> _Problem statement_: Every line of the data below should be repeated exactly, and no picture should be copied.
Information supplied START
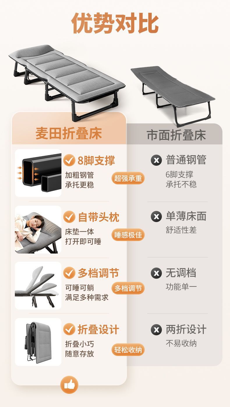 야외 싱글 침대를 위한 점심 시간 접이식 침대, 간단하고 휴대 가능한 사무실 낮잠 캠프 침대, 다기능 안락 의자, 동반 침대스토어 가기
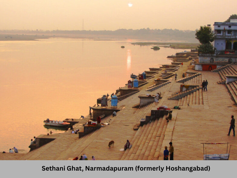 The district headquarter Narmadapuram (till recently called Hoshangabad) after Nawab of Mandavgarh Hoshang Shah, who died here, is an important town on Narmada. It has a beautiful ghat called the ‘Sethani Ghat’ built by the family of one Srimati Jaanaki Sethani in 1881. The Sethani Ghat has several temples and places for stay of Parikramavasis. There are Kathas, Pravachans and religious functions going on at the Ghat, giving it an ambience not unlike the Dashashwamedh Ghat of Varanasi. People perform Narmada Arati at the Ghat, which again recalls to the mind the Ganga Arati at Varanasi. There is a prominent place called Narmada Satsang Bhavan which regularly holds religious congregations.
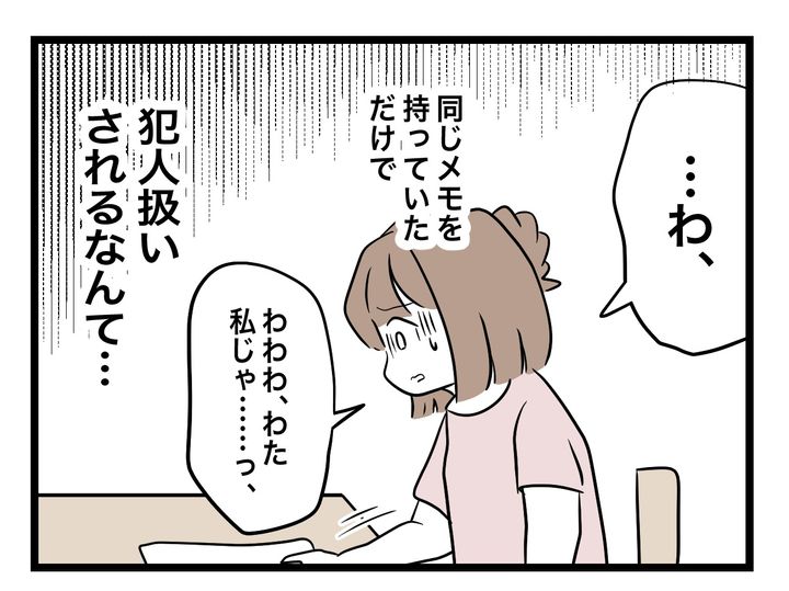 中学受験のため塾に通う小6のツム子は、少し前に上のクラスに上がって今はついていくのに必死だ。そんなある日、ツム子と同じクラスで成績がダントツ1位の良子が誰かから悪意のメモをもらったことで、テスト中に泣き出してしまう。自分がかわいがっている良子がいじめの対象となったことで激昂した先生は、すぐにクラス全員の荷物検査を実施。するとツム子の荷物から、良子宛のメモに使われていた同じメモ帳が出てきたことで、先生はツム子を加害者として別室に呼び出すのだった…。自分はやっていないと訴えるも信じてもらえず、同じメモ帳を持っていただけで「おまえが犯人だ」と詰め寄って来る先生に恐怖するツム子。どうしたらツム子の言うことをわかってもらえるのだろうか?
Information supplied END
> _Reply to the exercise_:
 야외 싱글 침대를 위한 점심 시간 접이식 침대, 간단하고 휴대 가능한 사무실 낮잠 캠프 침대, 다기능 안락 의자, 동반 침대스토어 가기
 The district headquarter Narmadapuram (till recently called Hoshangabad) after Nawab of Mandavgarh Hoshang Shah, who died here, is an important town on Narmada. It has a beautiful ghat called the ‘Sethani Ghat’ built by the family of one Srimati Jaanaki Sethani in 1881. The Sethani Ghat has several temples and places for stay of Parikramavasis. There are Kathas, Pravachans and religious functions going on at the Ghat, giving it an ambience not unlike the Dashashwamedh Ghat of Varanasi. People perform Narmada Arati at the Ghat, which again recalls to the mind the Ganga Arati at Varanasi. There is a prominent place called Narmada Satsang Bhavan which regularly holds religious congregations.
 中学受験のため塾に通う小6のツム子は、少し前に上のクラスに上がって今はついていくのに必死だ。そんなある日、ツム子と同じクラスで成績がダントツ1位の良子が誰かから悪意のメモをもらったことで、テスト中に泣き出してしまう。自分がかわいがっている良子がいじめの対象となったことで激昂した先生は、すぐにクラス全員の荷物検査を実施。するとツム子の荷物から、良子宛のメモに使われていた同じメモ帳が出てきたことで、先生はツム子を加害者として別室に呼び出すのだった…。自分はやっていないと訴えるも信じてもらえず、同じメモ帳を持っていただけで「おまえが犯人だ」と詰め寄って来る先生に恐怖するツム子。どうしたらツム子の言うことをわかってもらえるのだろうか?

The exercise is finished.